Чарльз Буковски - Юг без признаков севера
Меня больше начинает интересовать пиво, нежели поэзия. Между стихотворениями я разговариваю, сухое банальное дерьмо, скучно. Я Х.Богарт. Я – Хемингуэй. Я – срань горячая.
– Читай стихи, Чинаски! – орут они.
И они правы, знаете ли. Пытаюсь придерживаться стихов. Но большую часть времени я еще и у дверцы холодильника. Работа от этого только спорится, а они свое уже заплатили. Мне рассказывали, как Джон Кейдж однажды вышел на сцену, съел яблоко, ушел, получил тысячу долларов. Я прикинул, что надо выпить еще несколько.
Так, закончилось. Столпились вокруг. Автографы. Они приехали из Орегона, Лос-Анжелеса, Вашингтона. И хорошенькие славненькие девчонки тоже. Вот что доконало Дилана Томаса.
Снова наверху у нас, пьем пиво и разговариваем с Лорой и Джо Крысяком. Внизу ломятся в дверь.
– Чинаски! Чинаски! – Джо спускается их отфутболить. Я – рок-звезда. Наконец, я тоже иду вниз, некоторых впускаю. Некоторых я даже знаю. Голодающие поэты.
Редакторы малюсеньких журналов. Пролезают и те, кого я не знаю. Ладно, ладно – запирайте двери!
Выпиваем. Выпиваем. Выпиваем. Эл Масантик в ванной падает и раскраивает себе череп. Прекрасный поэт, этот Эл.
Ладно, все говорят одновременно. Просто еще одна неряшливая пивная пьянка. Потом редактор малюсенького журнальчика начинает колотить какого-то гомика. Мне это не нравится. Я пытаюсь их развести. Разбивают окно. Я сталкиваю их с лестницы. Я всех сталкиваю с лестницы, кроме Лоры. Вечеринка окончена. Ну, не совсем.

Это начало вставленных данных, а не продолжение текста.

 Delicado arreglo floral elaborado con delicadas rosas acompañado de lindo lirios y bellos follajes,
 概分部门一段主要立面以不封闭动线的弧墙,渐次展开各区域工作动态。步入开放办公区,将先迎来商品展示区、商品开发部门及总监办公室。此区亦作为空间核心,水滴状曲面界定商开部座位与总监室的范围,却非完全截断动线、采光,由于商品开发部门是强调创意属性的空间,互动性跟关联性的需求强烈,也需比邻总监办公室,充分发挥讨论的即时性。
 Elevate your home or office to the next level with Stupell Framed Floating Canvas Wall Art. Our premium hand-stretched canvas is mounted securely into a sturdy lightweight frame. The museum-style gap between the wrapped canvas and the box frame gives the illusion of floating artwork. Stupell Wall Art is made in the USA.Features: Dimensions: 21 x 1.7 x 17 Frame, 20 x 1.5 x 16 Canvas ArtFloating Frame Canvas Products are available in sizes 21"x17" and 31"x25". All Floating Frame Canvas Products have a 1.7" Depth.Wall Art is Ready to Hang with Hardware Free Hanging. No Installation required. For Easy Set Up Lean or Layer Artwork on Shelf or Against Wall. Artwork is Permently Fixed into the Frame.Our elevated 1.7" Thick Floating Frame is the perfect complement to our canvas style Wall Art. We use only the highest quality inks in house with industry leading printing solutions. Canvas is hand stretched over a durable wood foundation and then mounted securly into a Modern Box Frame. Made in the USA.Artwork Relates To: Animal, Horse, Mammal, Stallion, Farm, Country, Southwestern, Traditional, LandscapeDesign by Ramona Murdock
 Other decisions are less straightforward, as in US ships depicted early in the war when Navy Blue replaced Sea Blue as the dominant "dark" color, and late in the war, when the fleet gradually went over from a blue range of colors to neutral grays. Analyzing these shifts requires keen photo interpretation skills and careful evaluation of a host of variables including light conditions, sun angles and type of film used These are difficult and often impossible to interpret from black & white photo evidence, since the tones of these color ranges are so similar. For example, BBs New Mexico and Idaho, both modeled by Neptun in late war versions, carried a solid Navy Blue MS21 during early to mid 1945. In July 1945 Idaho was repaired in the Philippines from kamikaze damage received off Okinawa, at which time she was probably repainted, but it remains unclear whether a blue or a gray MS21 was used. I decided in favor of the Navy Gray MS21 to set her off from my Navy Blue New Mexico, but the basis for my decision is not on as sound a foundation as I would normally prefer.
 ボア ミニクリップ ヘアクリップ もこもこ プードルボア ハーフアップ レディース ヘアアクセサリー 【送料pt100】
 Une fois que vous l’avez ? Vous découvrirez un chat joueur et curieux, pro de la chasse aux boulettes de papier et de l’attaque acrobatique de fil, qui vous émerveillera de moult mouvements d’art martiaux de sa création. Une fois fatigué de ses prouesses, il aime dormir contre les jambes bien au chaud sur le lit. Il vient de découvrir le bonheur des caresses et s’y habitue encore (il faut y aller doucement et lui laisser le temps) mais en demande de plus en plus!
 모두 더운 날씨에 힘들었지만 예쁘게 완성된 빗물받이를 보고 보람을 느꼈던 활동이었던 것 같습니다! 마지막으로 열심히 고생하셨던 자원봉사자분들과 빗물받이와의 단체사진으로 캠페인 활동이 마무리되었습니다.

Начинаем мы с Лорой. Начинаем мы с моей любовью. Характерец у нее ого-го, у меня – ей под стать. Как обычно, из-за ерунды. Я говорю, чтоб она катилась к чертям.
Она катится.
Просыпаюсь через несколько часов, а она стоит посреди комнаты. Я подскакиваю с кровати и крою ее последними словами. Она на меня прыгает.
– Я тебя убью, сукин сын!
Я пьян. Она меня валит на пол в кухне. Рожа у меня разбита, идет кровь. Она прокусывает мне руку. Я не хочу умирать. Я не хочу умирать! Будь проклята страсть! Я забегаю в кухню и выливаю себе на руку полбутылки йода. Она выкидывает мои трусы и рубашки из своего чемодана, забирает свой билет на самолет. Снова в пути. У нас снова все кончено навсегда. Я ложусь обратно в постель и слушаю, как ее каблучки цокают под горку.
На обратном пути в самолете камера снова работает. Парни с Канала 15 сейчас все выяснят про жизнь. Камера останавливается на дырке у меня в руке. Я держу стакан с двойной порцией.
– Джентльмены, – говорю я, – с женщиной никогда ничего не выйдет. Абсолютно никак и никогда.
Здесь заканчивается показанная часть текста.